Regarding today's offering, it installed and registered well on Win7 64-bit. However, when trying to OCR a 35-page scanned PDF it took almost an hour to get up to only *35%*. This is unacceptable, even without checking out its quality. Unacceptable.

Re: Giovanni's recommended VietOCR, it installed and registered well, but when trying to OCR the same 35-page PDF as above, it generated an "Out of memory" error message after only a couple of minutes. Unacceptable.

Re: XP-Man's recommended ABBYY FineReader 5.0 Pro, this is an excellent software (I know from using three other ABBYY products), but it reads only images and scans of documents, not PDFs. I had to convert my 35-page PDF document to JPG images to try it. Having to convert a PDF to images just to OCR it is an added chore. Using it I was able to generate a Word document, but it was about 50% gibberish. Unacceptable.

To sum up, the best software (but not free) I have used is ABBYY PDF Transformer, which was featured on GotD a few weeks ago, and which I am lucky to have grabbed. It performed admirably on my test PDF, with about 98% accuracy, and included all pictures. Let's hope it comes around again.

Reply   |   Comment by Frank D  –  10 years ago  –  Did you find this comment useful? yes | no (+12)
#52

Dear users,

You can download additional dictionaries from this link:

http://smartocr.com/downloads/languages/Dictionary/

Each dictionary consists of two separate dictionary files with the same name but with different extensions.

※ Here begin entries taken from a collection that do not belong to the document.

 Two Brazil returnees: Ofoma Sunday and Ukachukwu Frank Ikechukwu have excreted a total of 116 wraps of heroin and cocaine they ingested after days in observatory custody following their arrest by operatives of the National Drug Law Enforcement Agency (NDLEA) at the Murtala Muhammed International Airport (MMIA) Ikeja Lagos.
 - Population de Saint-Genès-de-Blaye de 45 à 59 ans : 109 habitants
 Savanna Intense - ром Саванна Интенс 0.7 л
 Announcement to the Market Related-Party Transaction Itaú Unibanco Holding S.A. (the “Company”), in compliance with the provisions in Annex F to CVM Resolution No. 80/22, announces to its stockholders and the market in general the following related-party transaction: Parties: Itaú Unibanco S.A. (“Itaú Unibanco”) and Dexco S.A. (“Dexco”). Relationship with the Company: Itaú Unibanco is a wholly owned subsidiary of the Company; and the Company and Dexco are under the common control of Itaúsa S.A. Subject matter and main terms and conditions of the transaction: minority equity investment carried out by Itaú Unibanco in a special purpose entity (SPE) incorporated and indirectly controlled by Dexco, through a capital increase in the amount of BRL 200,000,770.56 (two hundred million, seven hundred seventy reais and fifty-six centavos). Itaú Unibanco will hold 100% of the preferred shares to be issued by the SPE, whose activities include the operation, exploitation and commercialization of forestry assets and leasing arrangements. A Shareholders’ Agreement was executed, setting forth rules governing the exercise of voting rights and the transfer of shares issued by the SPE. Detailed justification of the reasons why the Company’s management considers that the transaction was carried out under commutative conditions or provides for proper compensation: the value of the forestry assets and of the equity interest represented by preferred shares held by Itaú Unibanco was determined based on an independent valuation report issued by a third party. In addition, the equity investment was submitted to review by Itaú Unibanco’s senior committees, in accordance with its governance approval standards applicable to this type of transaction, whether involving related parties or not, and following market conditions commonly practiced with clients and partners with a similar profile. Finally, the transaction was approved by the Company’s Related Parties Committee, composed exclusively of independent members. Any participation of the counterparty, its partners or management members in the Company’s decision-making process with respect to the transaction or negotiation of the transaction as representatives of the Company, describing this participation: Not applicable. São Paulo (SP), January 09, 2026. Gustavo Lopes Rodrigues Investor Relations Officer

You need both files. If for example you require a German dictionary then you should download those two files:

de_DE.aff
de_DE.dic

Same goes for Spanish, Italian, Russian, etc. In order to download a file , right-click on it and select Save Link As. Remember to download both files.
You will need one more file. Let's call it a language file. It can be downloaded from this link:

http://smartocr.com/downloads/languages/OCR_Languages/

Download the language file corresponding to the language that you require. For example, if you need to OCR files in German language, you have to download the file called German.lpck. Do the same thing for all other languages.

The installation procedure is very easy and should be the same for Windows Vista, Windows 7, Windows 8 and Windows 8.1. After you have downloaded all files you just need to copy them to their corresponding folders on your computer.

Please make sure that Smart OCR Pro is not running. Go to My Computer, double click on Local Disk C:, double click on a folder named Program Files(x86), look for a folder called Smart OCR Pro and double click on it. Now you need to look for two separate folders named Dictionary and OCR Languages. Copy the two dictionary files into the folder called Dictionary and then copy the language file in the folder called OCR_Languages.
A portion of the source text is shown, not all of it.